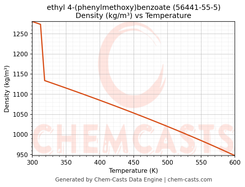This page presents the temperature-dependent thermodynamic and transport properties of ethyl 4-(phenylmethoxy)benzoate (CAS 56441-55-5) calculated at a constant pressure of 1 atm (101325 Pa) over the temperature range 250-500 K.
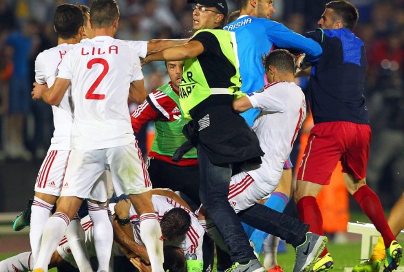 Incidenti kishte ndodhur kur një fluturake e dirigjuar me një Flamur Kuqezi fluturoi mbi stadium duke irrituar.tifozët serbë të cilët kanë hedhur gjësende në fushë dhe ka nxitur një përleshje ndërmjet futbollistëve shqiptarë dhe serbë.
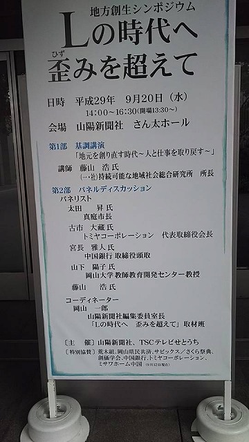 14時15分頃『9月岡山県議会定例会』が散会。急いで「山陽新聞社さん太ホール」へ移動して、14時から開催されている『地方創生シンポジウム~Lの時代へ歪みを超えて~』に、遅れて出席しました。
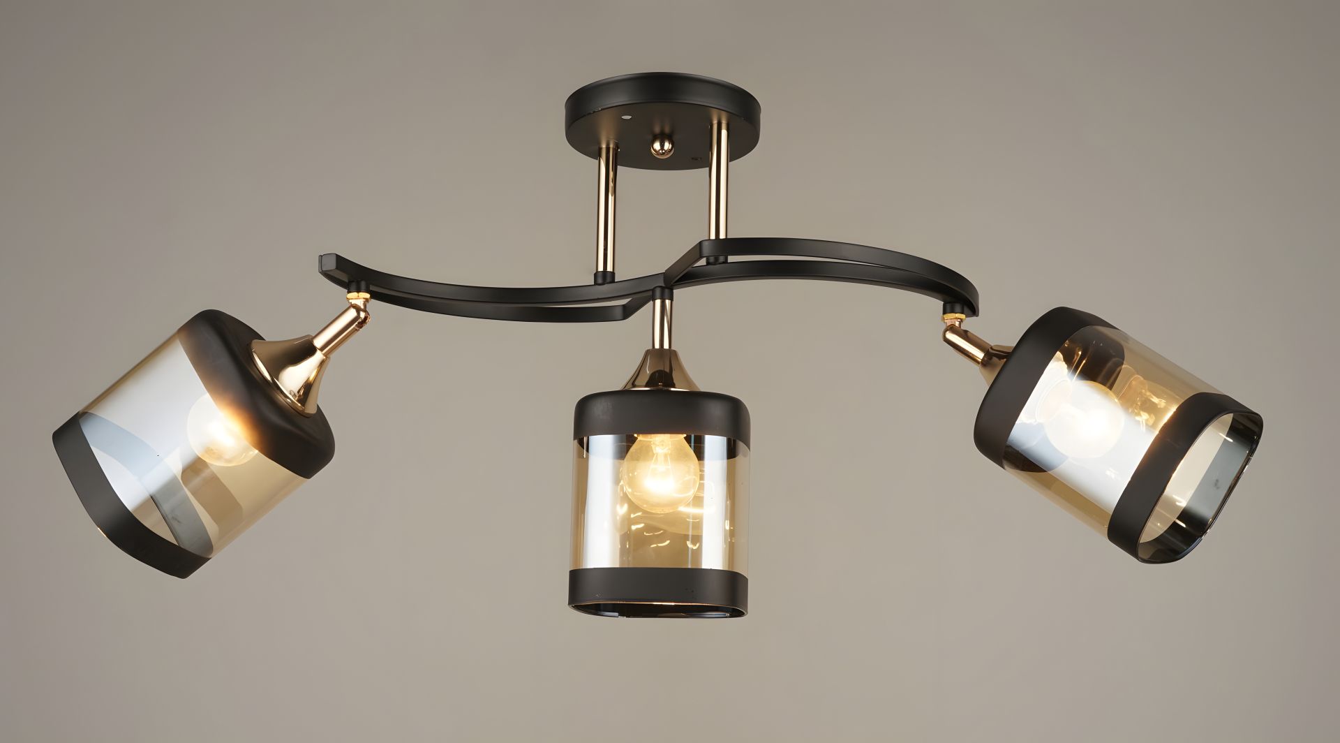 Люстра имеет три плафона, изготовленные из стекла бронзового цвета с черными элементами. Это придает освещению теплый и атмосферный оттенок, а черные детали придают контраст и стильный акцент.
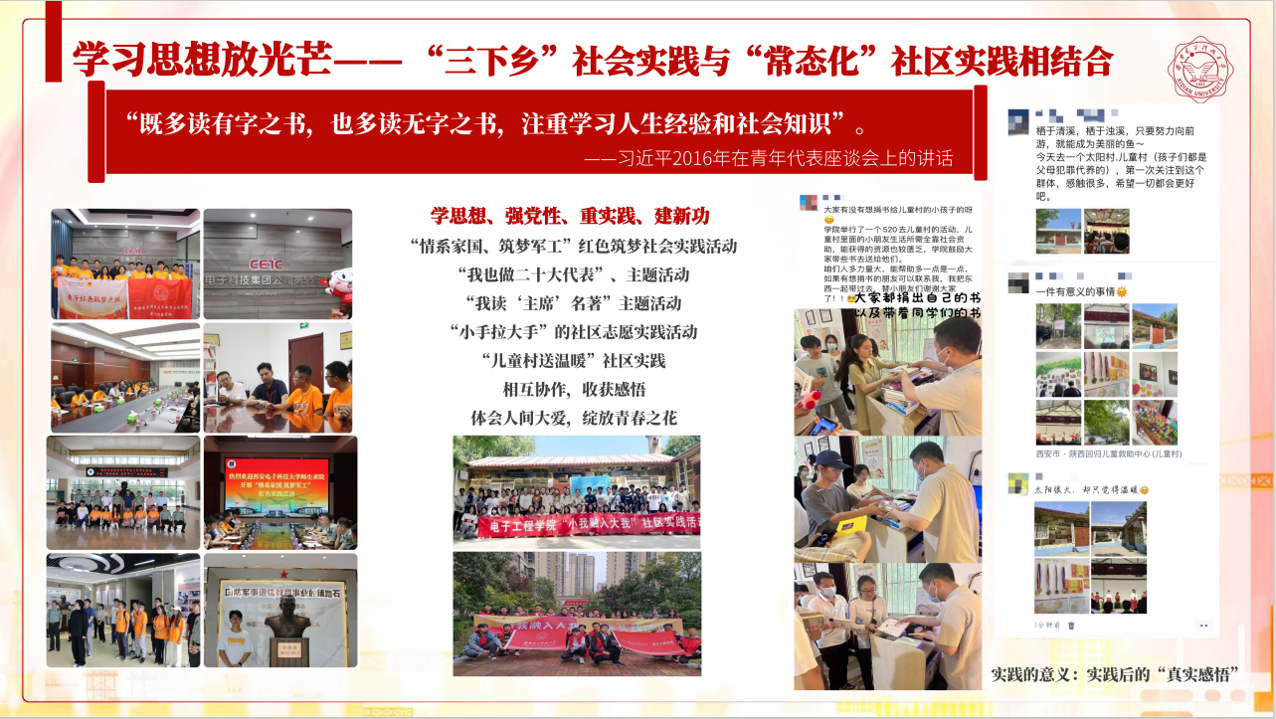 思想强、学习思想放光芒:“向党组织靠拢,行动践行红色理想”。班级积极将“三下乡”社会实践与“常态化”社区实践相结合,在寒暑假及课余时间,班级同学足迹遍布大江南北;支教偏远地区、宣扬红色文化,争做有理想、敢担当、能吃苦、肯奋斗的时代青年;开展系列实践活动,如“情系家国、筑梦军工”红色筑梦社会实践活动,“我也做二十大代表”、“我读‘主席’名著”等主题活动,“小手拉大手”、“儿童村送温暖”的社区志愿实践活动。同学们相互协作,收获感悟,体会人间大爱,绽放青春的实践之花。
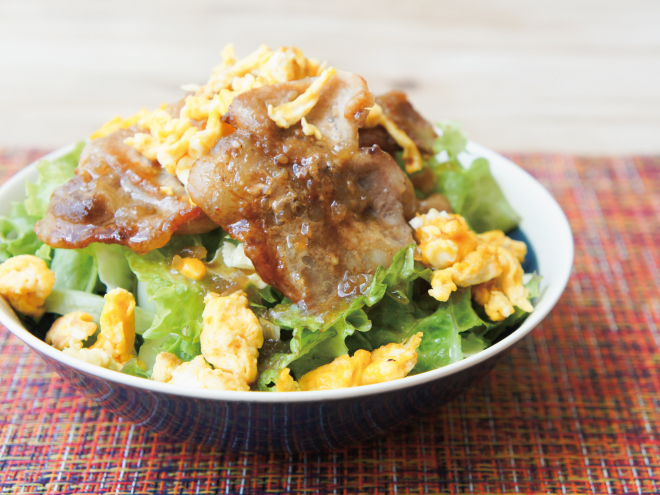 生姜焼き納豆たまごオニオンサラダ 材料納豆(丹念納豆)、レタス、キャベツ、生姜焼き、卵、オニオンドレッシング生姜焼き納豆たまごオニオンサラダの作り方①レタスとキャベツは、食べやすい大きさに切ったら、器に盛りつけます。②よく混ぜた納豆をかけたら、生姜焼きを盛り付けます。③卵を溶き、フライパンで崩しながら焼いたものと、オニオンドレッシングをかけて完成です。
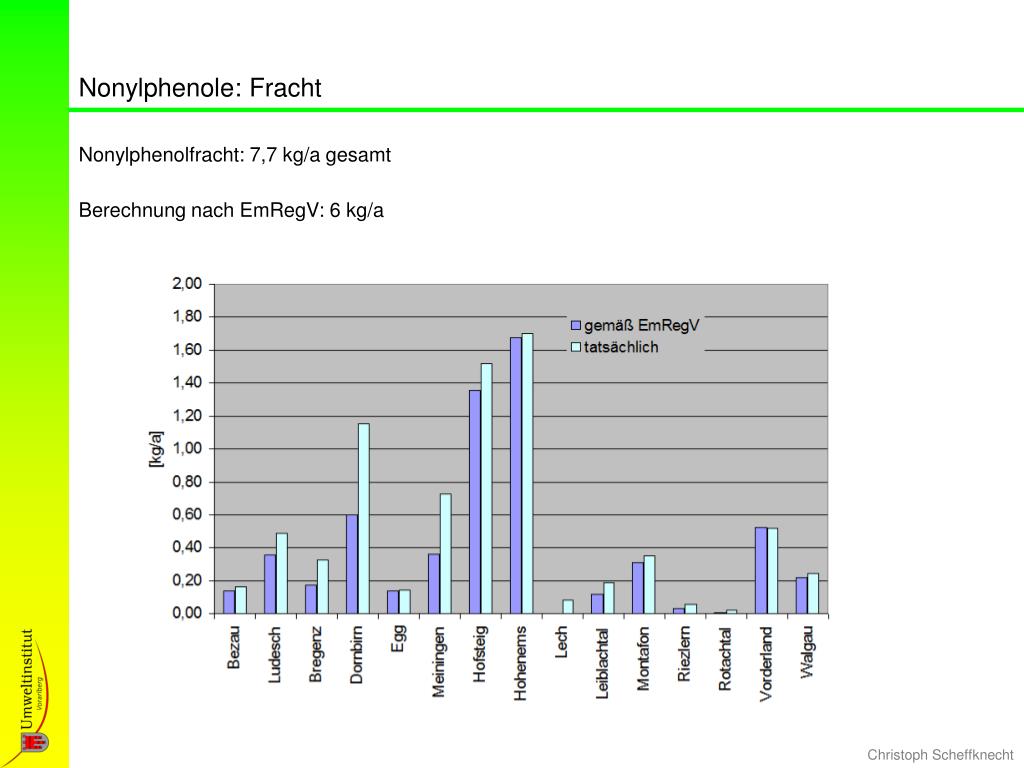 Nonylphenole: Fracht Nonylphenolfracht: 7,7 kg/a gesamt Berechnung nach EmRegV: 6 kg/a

┄┄┄┄┄┄

■ What you are asked to do ■
Begin with the first line of the records and repeat every line up to the one with "Люстра имеет три", counting that line too. Pictures are not part of the copy.

■ Output of the task ■
This page presents the temperature-dependent thermodynamic and transport properties of ethyl 4-(phenylmethoxy)benzoate (CAS 56441-55-5) calculated at a constant pressure of 1 atm (101325 Pa) over the temperature range 250-500 K.
 Incidenti kishte ndodhur kur një fluturake e dirigjuar me një Flamur Kuqezi fluturoi mbi stadium duke irrituar.tifozët serbë të cilët kanë hedhur gjësende në fushë dhe ka nxitur një përleshje ndërmjet futbollistëve shqiptarë dhe serbë.
 14時15分頃『9月岡山県議会定例会』が散会。急いで「山陽新聞社さん太ホール」へ移動して、14時から開催されている『地方創生シンポジウム~Lの時代へ歪みを超えて~』に、遅れて出席しました。
 Люстра имеет три плафона, изготовленные из стекла бронзового цвета с черными элементами. Это придает освещению теплый и атмосферный оттенок, а черные детали придают контраст и стильный акцент.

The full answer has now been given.